Why does the ELCA matter to me?
It’s a question others have asked me, and I have asked of myself, quite often over the past few years.
My criticism of the ELCA, not only of decisions it has made but the discussion of such matters as authority of Scripture and our understanding of the creeds and the Lutheran Confessions, has at times caused others to wonder why I continue to care about it.
If I have such serious questions about this church, why am I remaining in it?
Wouldn’t I be happier in a different church body?
When I answer that, in spite of my criticism, the ELCA still matters to me, the question then comes back: Why?
I find that in staying with this church body I am being as much a contrarian as when disagreeing with decisions at a Churchwide Assembly.
Loyalty is losing popularity
Denominational loyalty is a concept that has been losing popularity for a number of years now. Many people switch churches and denominations with little or no sense of loss.

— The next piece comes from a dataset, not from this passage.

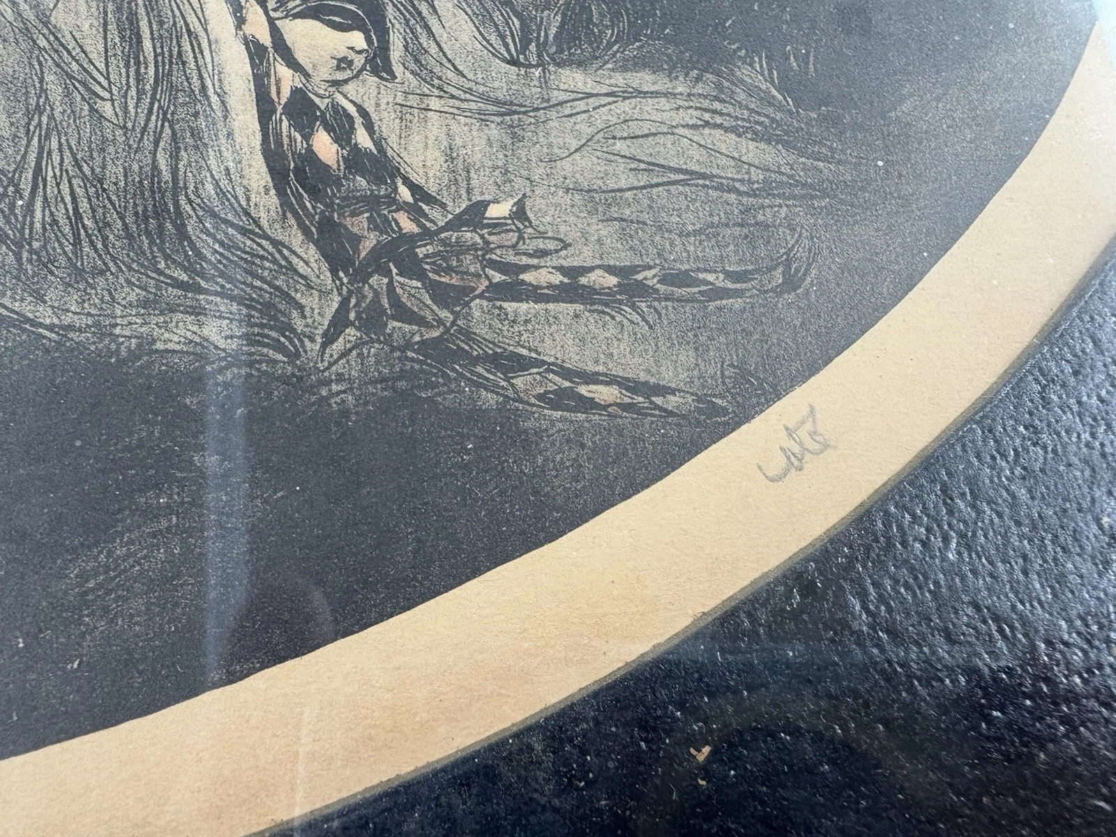 This enchanting Deco print, crafted by artist Cote’ during the mid-20th century, captures the whimsical charm of French dolls with an elegance reminiscent of Louis XV style. The intricate details and soft colors reflect the artistry of the era, inviting you to step back in time to a world of grace and sophistication. While it carries the gentle patina of age with some stains and imperfections, these characteristics add to its unique story, making it a delightful conversation piece for any vintage lover.

The argument gets made that any one denomination is pretty much like another. It’s not so much a matter of what one church confesses versus another (outside of the basic statement of faith in Jesus, that is) but in finding the right worship setting, the place that will best meet the needs of one’s children, a group that one fits in with fairly quickly, and activities that are both meaningful and usually enjoyable.
Many communities contain congregations that are only loosely connected, if at all, to a larger organization. In a time when denominational structures are undergoing major overhauls in trying to adapt to the forces of rapid change both within and in the larger society, many question the need for having denominations at all.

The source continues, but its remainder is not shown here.